Now a floating hotel and museum ship, The majestic RMS Queen Mary is a retired luxury ocean liner that sailed the North Atlantic Ocean from 1936 to 1967, bowing out of service following the dawning of the jet age (which marked the beginning of the end for transatlantic passenger services on the whole).
Build for the Cunard Line in Clydebank, Scotland, the luxurious (and gigantic) Queen Mary was fast enough to hold the Blue Riband accolade a handful of times, earning the award as it shuttled its 2139 passengers and 1101 crew members on its standard route between Southampton and New York.

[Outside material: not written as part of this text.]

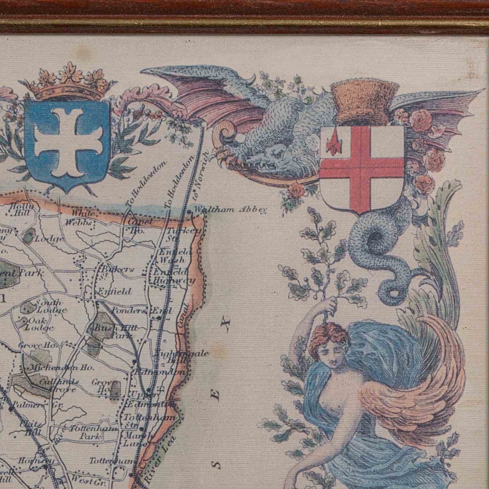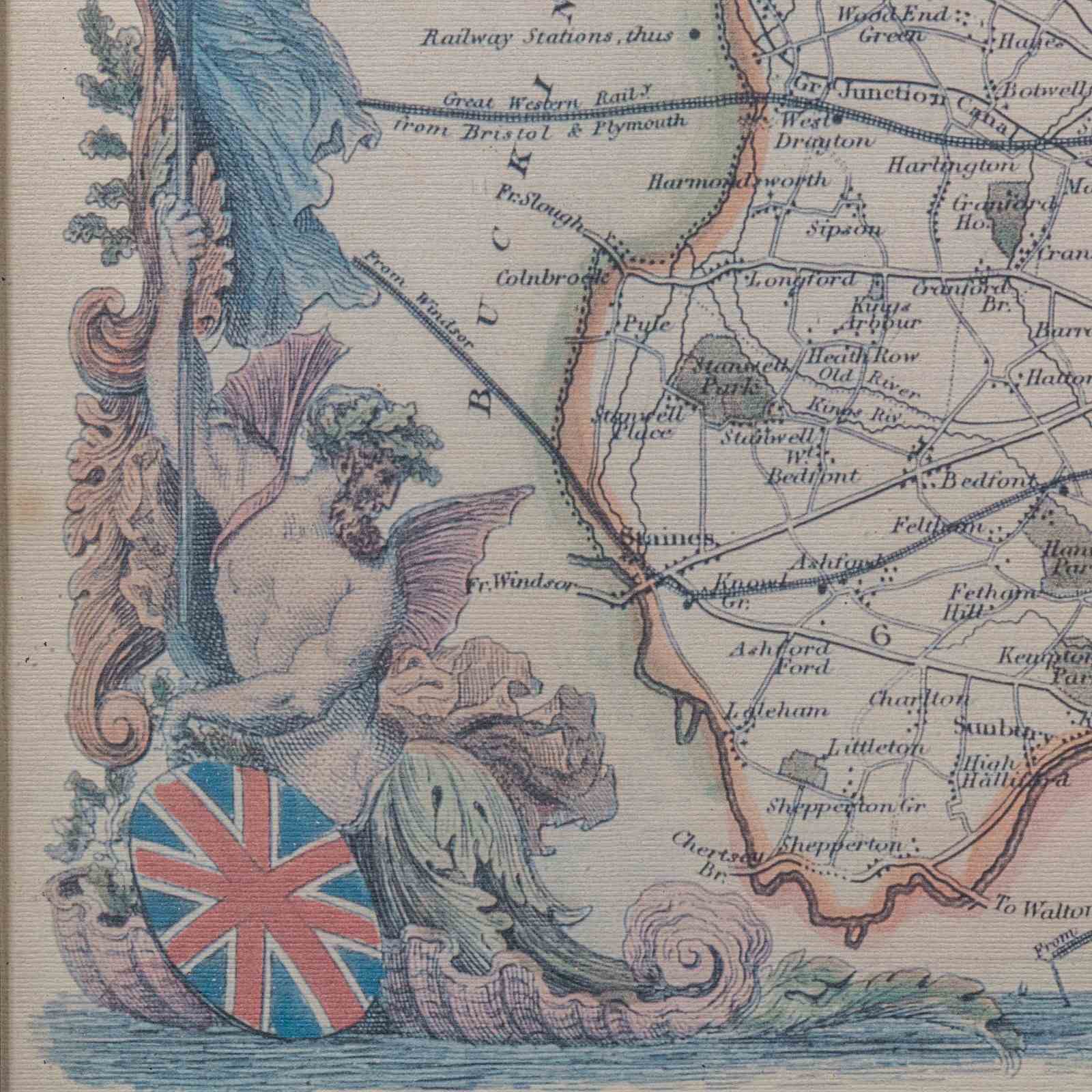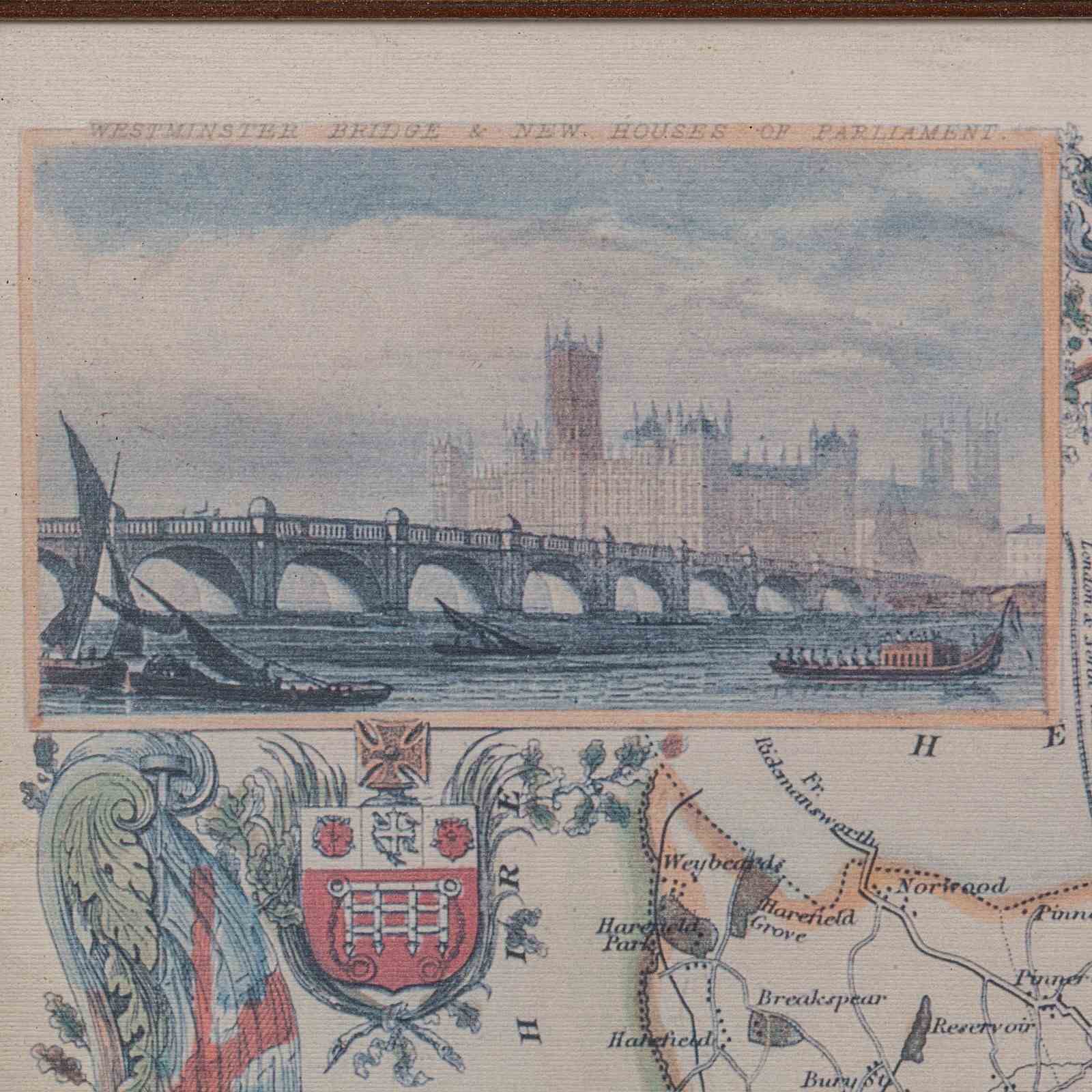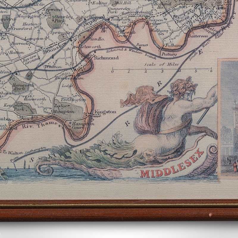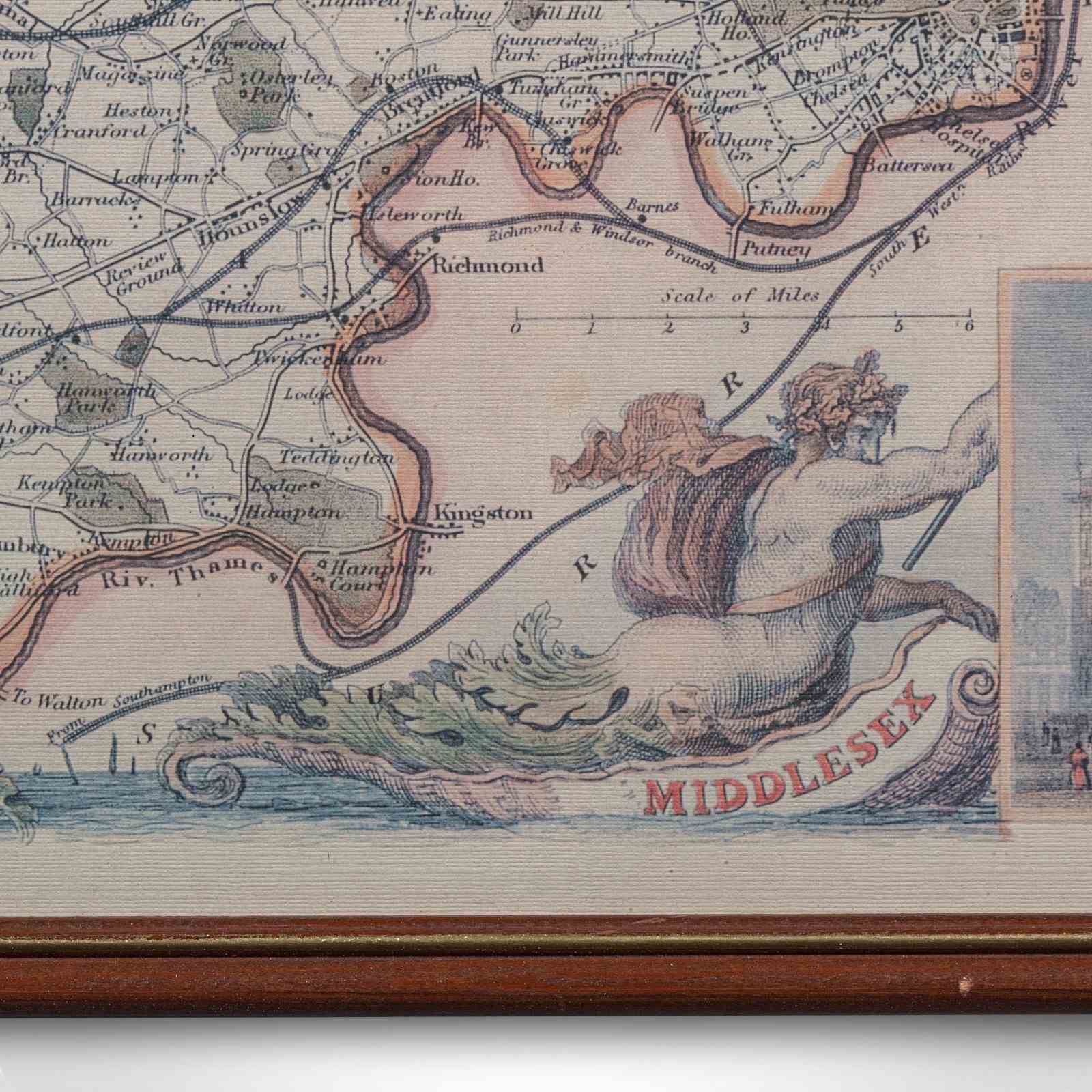 This is a vintage Middlesex county map. An English, framed reproduction of the 19th century original by Thomas Moule (1784 - 1851), dating to the late 20th century, circa 1980. A quality reproduction capturing the decorative charm and intricate detail of Moule’s celebrated cartographic work.

During the Second World War, the Queen Mary was painted navy grey, fitted with a degaussing coil (to protect against magnetic mines), and enlisted as a troop carrier, a job which she performed rather well – apart from that time where she accidentally killed 239 people by slicing through one of her escort ships, the light cruiser HMS Curacoa, of course.
(She is also known as having ferried Winston Churchill for his strategic meetings across the Atlantic a couple of times.)
As I mentioned earlier, nowadays the grand old lady operates as a floating hotel, with guests enjoying a pretty unique accommodation experience that does much to simulate what travelling across the Atlantic in the 30’s, 40’s and 50’s must have felt like.
The other side of the business is acting as a museum ship, with plenty of different tour options and packages available. The historic tour is the one we opted for, and after being greeted by our fabulously entertaining tour guide (seriously, this man was brilliant!), our group was guided through part of the ship while being fed a steady stream of interesting information and stories regarding this beautiful ocean liner and some of the famous passengers she ferried across the Atlantic.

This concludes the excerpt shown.